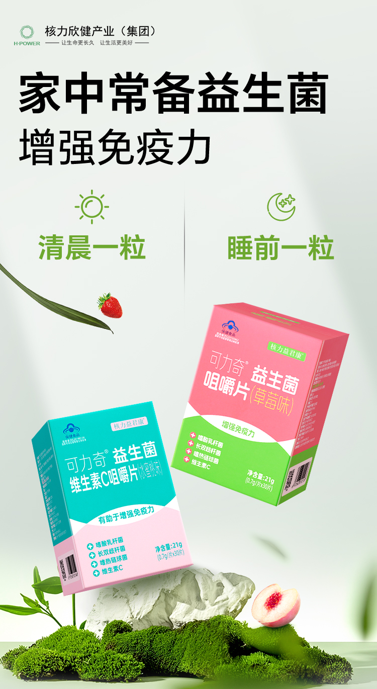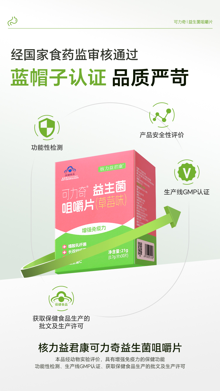 核力益君康可力奇益生菌蓝帽子认证草莓味水蜜桃味
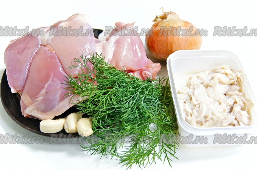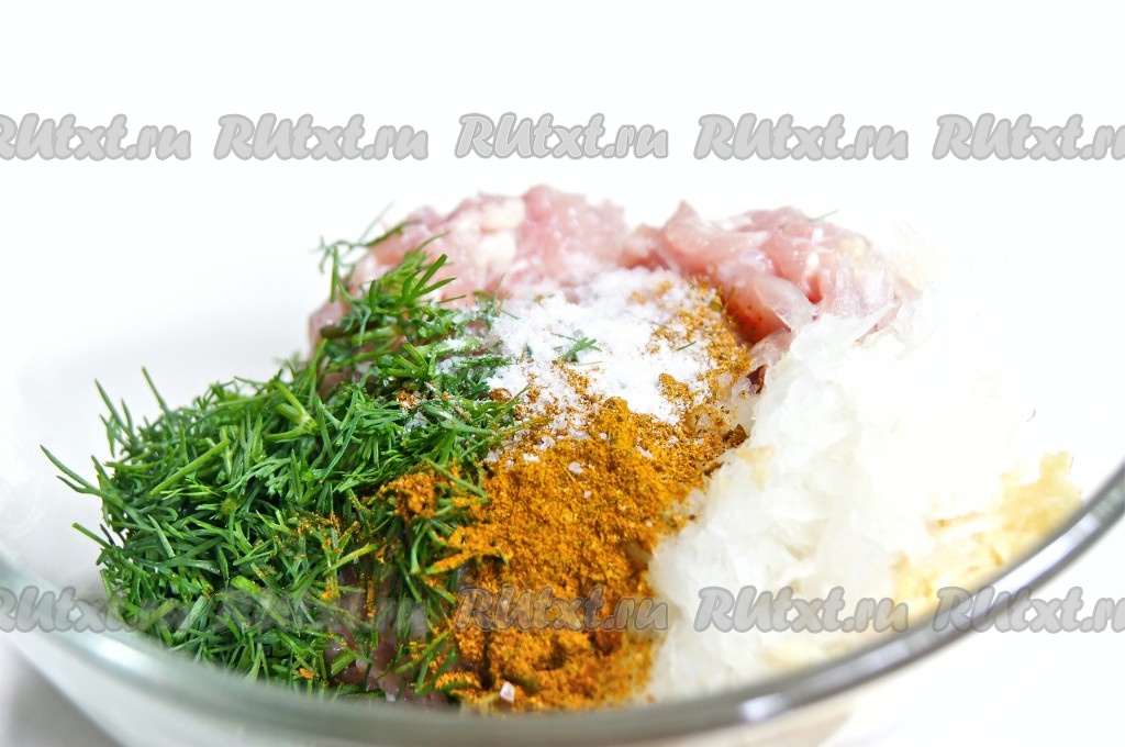 Из куриного филе приготовила фарш, добавила измельченные лук и чеснок, рубленный укроп, приправу для курицы, посолила и поперчила по вкусу. Тщательно перемешала.
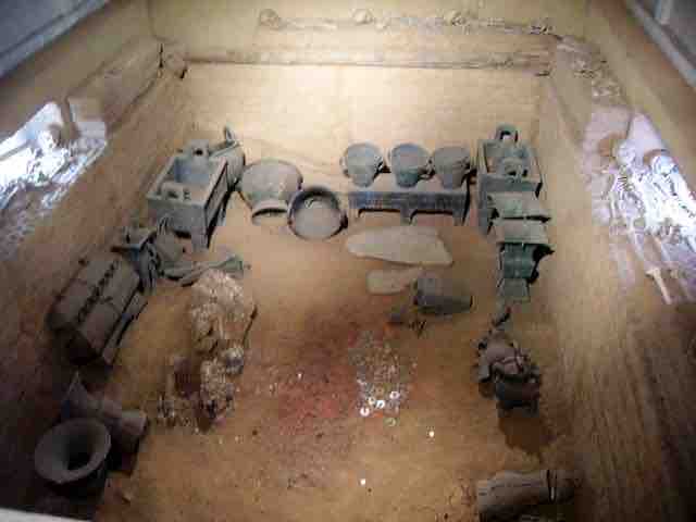 Many Shang royal tombs had been tunneled into and ravaged by grave robbers in ancient times; however, in the spring of 1976, the discovery of Tomb 5 at Yinxu revealed a tomb that was not only undisturbed, but one of the most richly furnished Shang tombs that archaeologists had yet come across. With over 200 bronze ritual vessels and 109 inscriptions of Lady Fu Hao's name, archaeologists realized they had stumbled across the tomb of the militant consort to King Wu Ding, as described in 170 to 180 Shang oracle bones. Bronze vessels, stoneware and pottery vessels, bronze weapons, jade figures, hair combs, and bone hairpins were found.
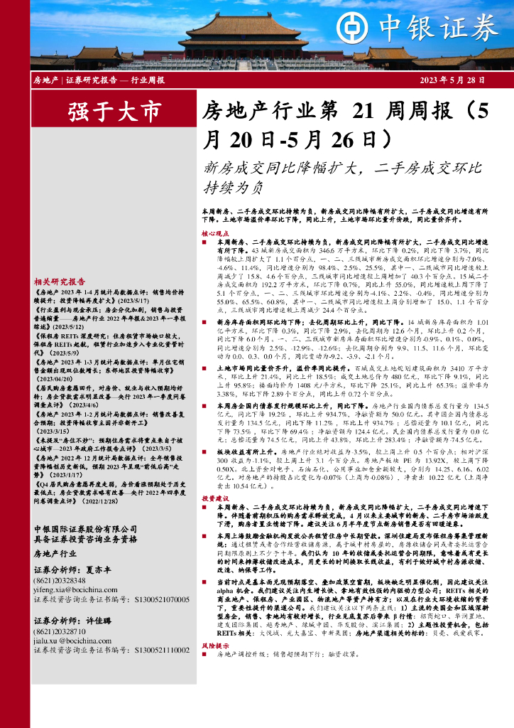 中银证券:房地产行业第21周周报:新房成交同比降幅扩大,二手房成交环比持续为负.pdf
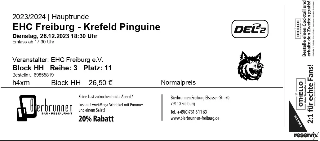 Sportlich läuft es für Freiburg gerade mäßig. Vor dem Spieltag stehen sie auf Platz 11 (von 14 Mannschaften). Bliebe das so nach den 52 Saisonspielen, so hieße das Play-Down. In der DEL 2 spielen die letzten vier Mannschaften im K.-o.-Modus einen Absteiger in die Oberliga aus. Mannschaften ab Platz 10 spielen um den Meistertitel, mit Pre-Playoffs und Playoffs – wie man es so kennt aus der DEL. Platz 10 ist somit sicherlich für jede Mannschaft das angestrebte Mindestziel. Heute ist der 30. Spieltag und die untere Hälfte ist noch dicht beisammen. Zwischen Platz 5 und dem Tabellenletzten sind nur zehn Punkte Unterschied. Mit noch 22 ausstehenden Spieltagen ist für alle noch alles drin. Krefeld kam als Tabellenachter nach Freiburg, mit sechs Punkten mehr auf dem Konto als Freiburg. Das sah erstmal nach einer offenen Partie ohne Favoriten aus. So richtig offen gestaltete sich die Partie eher nicht. Freiburg war im Prinzip das ganze Spiel überlegen. Vor allem im ersten Drittel kam vom Krefeld sehr wenig. Freiburg hat die Chancen allerdings nicht verwertet und so ging Krefeld in Unterzahl sechs Sekunden vor Drittelende unverdient in Führung. Doch im zweiten Drittel hielt die Führung nur eine gute Minute. Freiburg nutzte eine 25-sekündige 5:3 Überzahl zum Ausgleich. Mit der nächsten Überzahl gingen sie mit 2:1 in Führung. Drei Minuten vor Spielende wurde es nochmal wild. Eigentlich sah die mittlerweile 3:1 Führung für Freiburg sicher aus. Doch Krefeld verkürzte durch eine 6:5 Überzahl (haben den Torwart herausgenommen) zum 3:2. Als Krefeld dann gut eine Minute vor Spielende erneut den Torwart herausnahm, um den Ausgleich zu erzwingen, erzielte Freiburg noch zwei Empty-Net-Goals. Bei einer anfänglich zähen Partie gab es so am Ende sieben Tore zu sehen. Sehenswert waren auch die beiden Fanblöcke. Der Gästeblock war gut besucht. Es haben doch viele Fans die 5-stündige Reise aus Krefeld auf sich genommen. Und der Heimbereich sah richtig gut gefüllt aus und sie haben das ganze Spiel über ordentlich Stimmung gemacht. Am Anfang gab es noch ein Spruchband „10 Jahre, Macht der Elbe, Alles Gute“. Wobei ich keine Ahnung habe, was damit gemeint war. Ein Spiel mit zwei Fangruppen macht gleich noch mehr Spaß.Fazit: Frohe Weihnachten
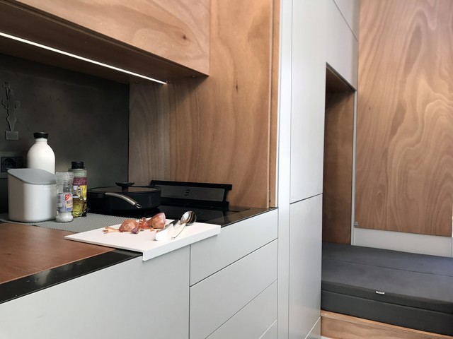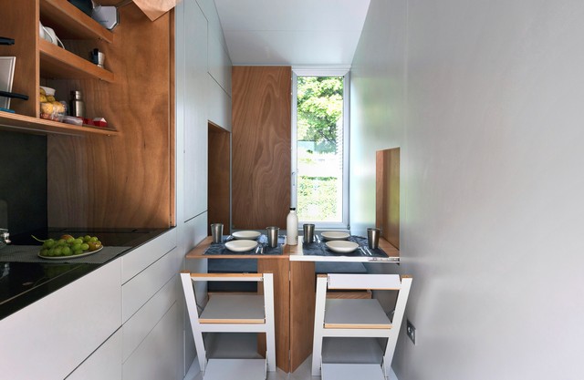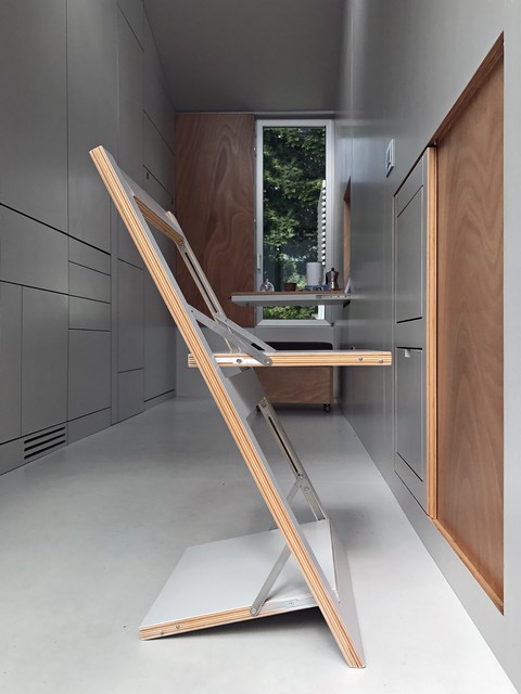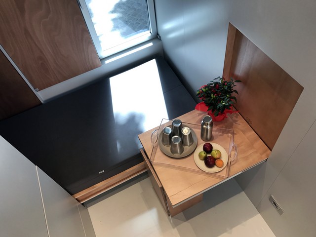 aVOID è un prototipo di casa su ruote che in soli 9 metri quadrati racchiude ogni comfort necessario per il vivere quotidiano. Ispirata all’equilibrio del vuoto, da cui prende il nome (a void = un vuoto), si presenta come una singola stanza grigia sviluppata longitudinalmente e priva di qualsiasi arredo. Attraverso l’apertura di specifici dispositivi a parete, però, lo spazio evolve orizzontalmente e si trasforma, adempiendo a tutte le più comuni funzioni di un’abitazione. Il letto reclinabile diviene prima divano per l’angolo studio e poi, abbinato al tavolo pieghevole, comoda panca per due persone. La parete lascia spazio ad una cucina accessoriata con cappa aspirante, lavello a scomparsa, piano cottura e scaffali contenitivi. L’ampia porta finestra Schüco a tra ante del fronte sud, progettata in modo personalizzato per questo contesto, permette sia l’illuminazione naturale dello spazio, sia la sua apertura totale verso l’esterno. Un piccolo bagno in okumè ospita i servizi e una doccia concepiti per ridurre al minimo i consumi di acqua. Una scala retrattile permette infine l’accesso alla terrazza, l’angolo più suggestivo per sentirsi a tutti gli effetti cittadini del mondo.
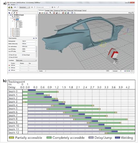 圖4:使用RLSK Studio 軟件可以按照時間表(b),視覺觀察對焦定位(a) 和焊接加工,實現(xiàn)用戶友好的工藝控制。該時間表顯示,各次施焊之間只存在最低程度的時間間隔損失( 藍色部分) 從而最大程度提高了生產(chǎn)效率。
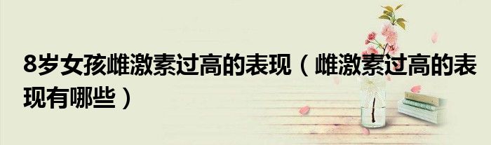 大家好,知识小编来为大家解答以上的问题。8岁女孩雌激素过高的表现,雌激素过高的表现有哪些很多人还不知道,现在让我们一起来看看吧!
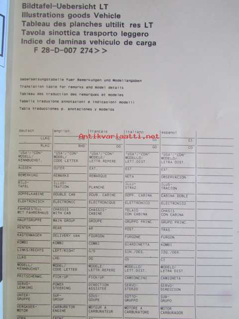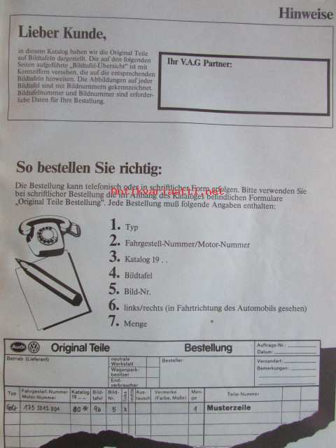 Volkswagen Bildkatalog - Illustraded Catalogue - Catalogue Illustre, Catalogo illustrato, Geilustreerde Catalogus 1988
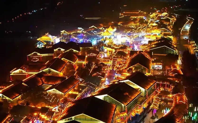 晚上七点半,当第一盏灯笼亮起,整个巷子仿佛被施了魔法。仿古街巷瞬间化作现实版的"千与千寻",霓虹与古建交织出一种独特的赛博朋克古风。密密麻麻的红灯笼从头顶倾泻而下,在石板路上投下斑驳光影。篝火台在广场中央熊熊燃烧,游客围坐取暖,气氛热烈。

-=-=-=-=-

Everything from the line with "圖4:使用RLSK Studio 軟件可以按照時間表(b),視覺觀察對焦定位(a)" through the end of the records is to be repeated exactly. The pictures are not.

__EXERCISE RESPONSE__
 圖4:使用RLSK Studio 軟件可以按照時間表(b),視覺觀察對焦定位(a) 和焊接加工,實現(xiàn)用戶友好的工藝控制。該時間表顯示,各次施焊之間只存在最低程度的時間間隔損失( 藍色部分) 從而最大程度提高了生產(chǎn)效率。
 大家好,知识小编来为大家解答以上的问题。8岁女孩雌激素过高的表现,雌激素过高的表现有哪些很多人还不知道,现在让我们一起来看看吧!
 Volkswagen Bildkatalog - Illustraded Catalogue - Catalogue Illustre, Catalogo illustrato, Geilustreerde Catalogus 1988
 晚上七点半,当第一盏灯笼亮起,整个巷子仿佛被施了魔法。仿古街巷瞬间化作现实版的"千与千寻",霓虹与古建交织出一种独特的赛博朋克古风。密密麻麻的红灯笼从头顶倾泻而下,在石板路上投下斑驳光影。篝火台在广场中央熊熊燃烧,游客围坐取暖,气氛热烈。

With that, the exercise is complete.